> _What is expected_: Copy out exactly the lines from the one containing "SEM images of" through the end of the records, and no pictures.

> _Records shown_:
########
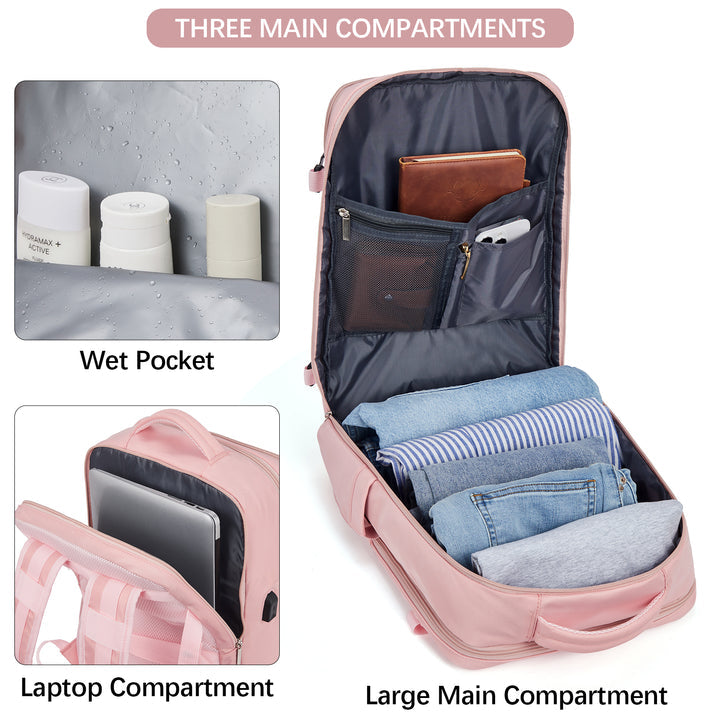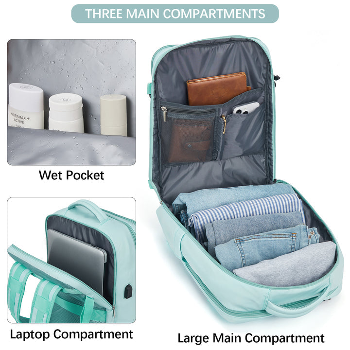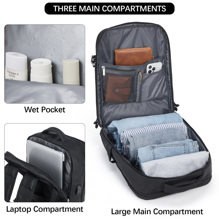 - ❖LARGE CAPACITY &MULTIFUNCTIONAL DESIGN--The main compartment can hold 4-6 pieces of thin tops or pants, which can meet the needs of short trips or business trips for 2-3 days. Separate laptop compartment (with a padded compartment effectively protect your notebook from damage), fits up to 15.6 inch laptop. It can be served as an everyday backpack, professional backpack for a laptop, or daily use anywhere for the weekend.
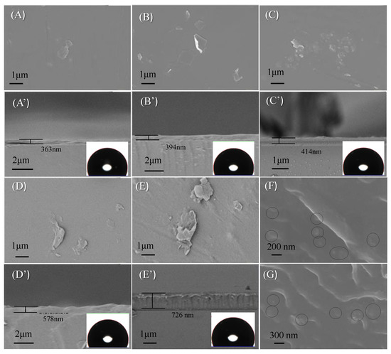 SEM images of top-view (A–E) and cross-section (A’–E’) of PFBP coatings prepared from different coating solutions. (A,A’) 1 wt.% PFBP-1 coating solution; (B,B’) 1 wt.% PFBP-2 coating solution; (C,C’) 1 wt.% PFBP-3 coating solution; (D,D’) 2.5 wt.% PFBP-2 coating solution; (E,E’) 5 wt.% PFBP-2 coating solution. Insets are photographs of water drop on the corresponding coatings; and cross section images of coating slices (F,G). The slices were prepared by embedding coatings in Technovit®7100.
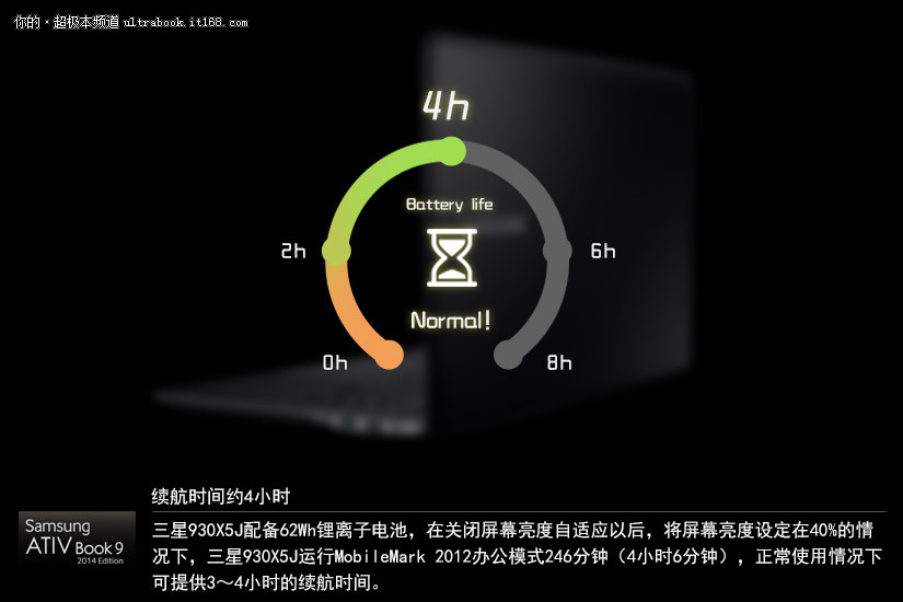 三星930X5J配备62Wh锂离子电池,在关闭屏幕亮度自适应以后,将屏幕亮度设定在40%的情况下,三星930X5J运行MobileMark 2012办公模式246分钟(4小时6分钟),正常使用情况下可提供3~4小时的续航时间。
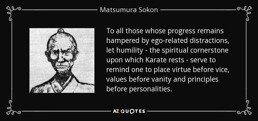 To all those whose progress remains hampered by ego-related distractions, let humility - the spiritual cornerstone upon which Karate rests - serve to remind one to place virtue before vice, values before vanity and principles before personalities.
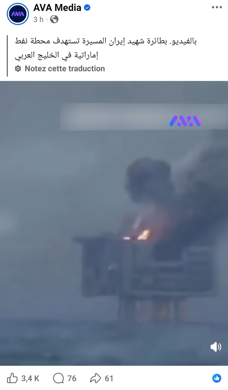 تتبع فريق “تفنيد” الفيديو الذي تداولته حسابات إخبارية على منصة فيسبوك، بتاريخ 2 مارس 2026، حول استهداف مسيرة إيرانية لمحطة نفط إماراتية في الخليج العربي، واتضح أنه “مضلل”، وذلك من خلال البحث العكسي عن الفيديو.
########
> _Expected answer_:
 SEM images of top-view (A–E) and cross-section (A’–E’) of PFBP coatings prepared from different coating solutions. (A,A’) 1 wt.% PFBP-1 coating solution; (B,B’) 1 wt.% PFBP-2 coating solution; (C,C’) 1 wt.% PFBP-3 coating solution; (D,D’) 2.5 wt.% PFBP-2 coating solution; (E,E’) 5 wt.% PFBP-2 coating solution. Insets are photographs of water drop on the corresponding coatings; and cross section images of coating slices (F,G). The slices were prepared by embedding coatings in Technovit®7100.
 三星930X5J配备62Wh锂离子电池,在关闭屏幕亮度自适应以后,将屏幕亮度设定在40%的情况下,三星930X5J运行MobileMark 2012办公模式246分钟(4小时6分钟),正常使用情况下可提供3~4小时的续航时间。
 To all those whose progress remains hampered by ego-related distractions, let humility - the spiritual cornerstone upon which Karate rests - serve to remind one to place virtue before vice, values before vanity and principles before personalities.
 تتبع فريق “تفنيد” الفيديو الذي تداولته حسابات إخبارية على منصة فيسبوك، بتاريخ 2 مارس 2026، حول استهداف مسيرة إيرانية لمحطة نفط إماراتية في الخليج العربي، واتضح أنه “مضلل”، وذلك من خلال البحث العكسي عن الفيديو.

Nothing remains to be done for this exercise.